Data below section start

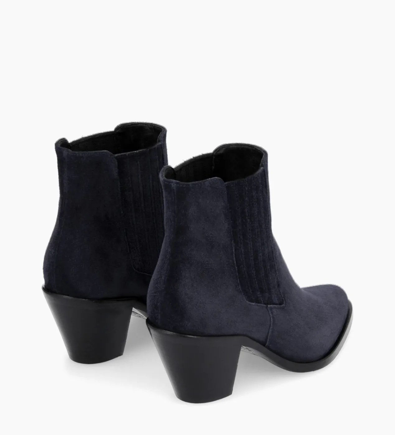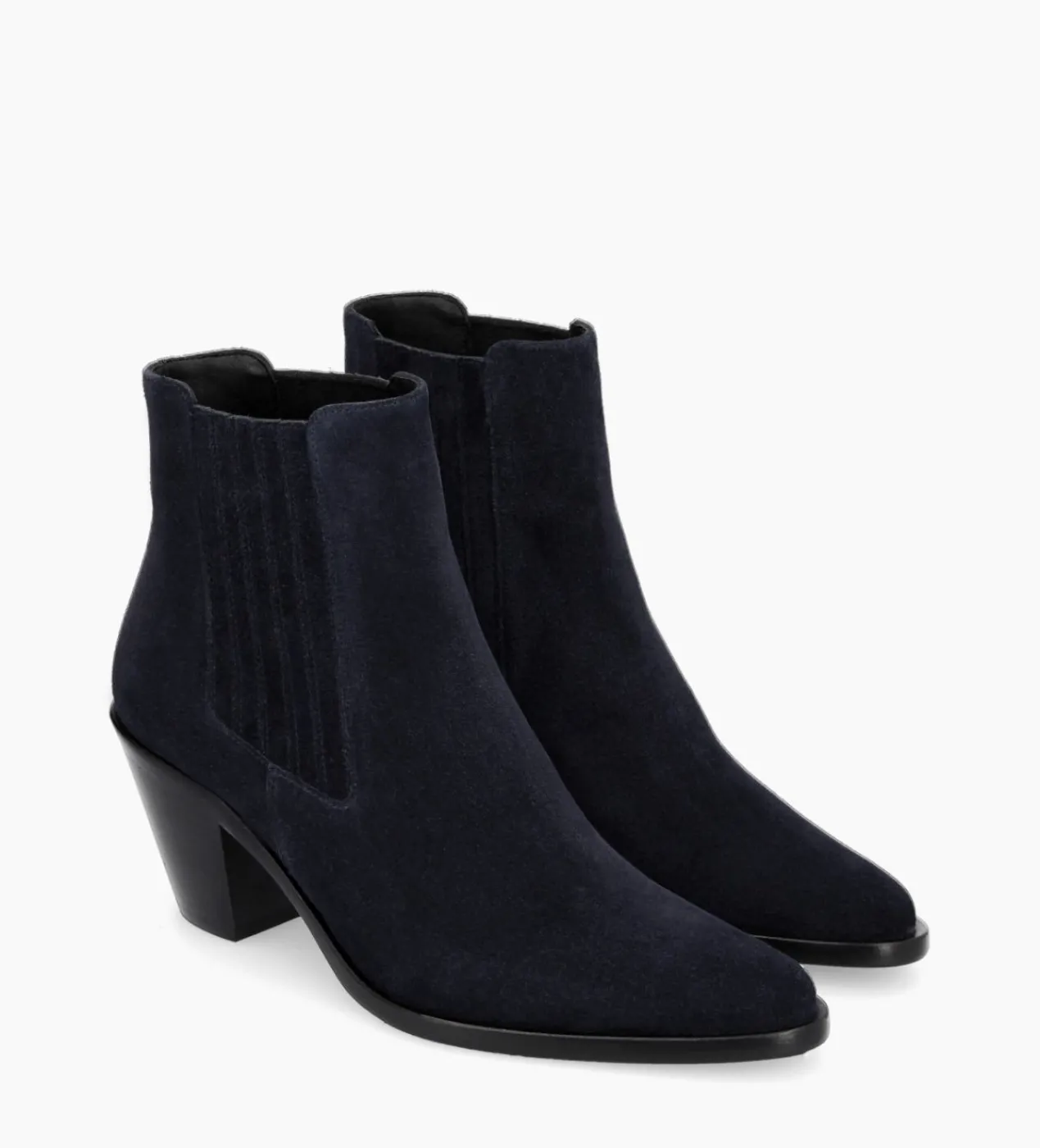 Avec les JANE, Free Lance mixe élégamment les codes du Chelsea et de la bottine western. Fabriquées en France dans un cuir velours marine, elles affichent une pointe effilée et un talon en biseau. Sur les côtés, de larges élastiques recouverts de cuir assurent un enfilage facile. Ces bottines reposent sur une semelle en cuir avec talon de 7 cm offrant une démarche confortable.
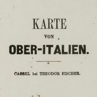 • Beschreibung: Oberhalb beschriftet mit “KRIEGSSCHAUPLATZ IN ITALIEN” und rechts mit: “KARTE VON OBER-ITALIEN. CASSEL bei THEODOR FISCHER.” Darunter eine kurze Legende zur Karte. Das Blatt zeigt eine Karte mit den verschiedenen Kriegsmanövern und Schauplätzen in Oberitalien.
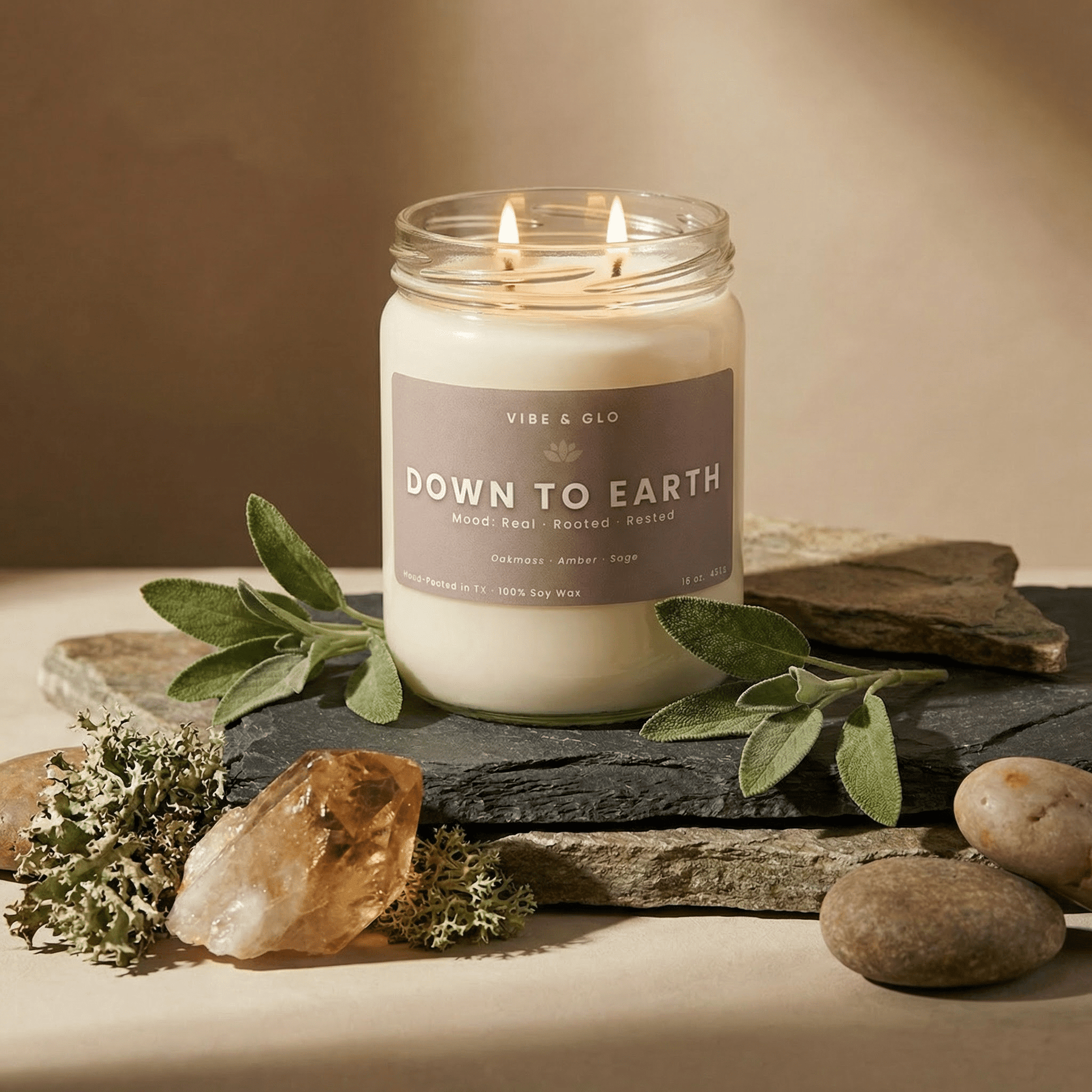 Down to Earth is balance in its most grounded form — an earthy soy candle designed to feel calm, steady, and quietly powerful.

Data below section end

### Task to complete
Each line above should be written out again exactly, without any image.

### The completed task
 Avec les JANE, Free Lance mixe élégamment les codes du Chelsea et de la bottine western. Fabriquées en France dans un cuir velours marine, elles affichent une pointe effilée et un talon en biseau. Sur les côtés, de larges élastiques recouverts de cuir assurent un enfilage facile. Ces bottines reposent sur une semelle en cuir avec talon de 7 cm offrant une démarche confortable.
 • Beschreibung: Oberhalb beschriftet mit “KRIEGSSCHAUPLATZ IN ITALIEN” und rechts mit: “KARTE VON OBER-ITALIEN. CASSEL bei THEODOR FISCHER.” Darunter eine kurze Legende zur Karte. Das Blatt zeigt eine Karte mit den verschiedenen Kriegsmanövern und Schauplätzen in Oberitalien.
 Down to Earth is balance in its most grounded form — an earthy soy candle designed to feel calm, steady, and quietly powerful.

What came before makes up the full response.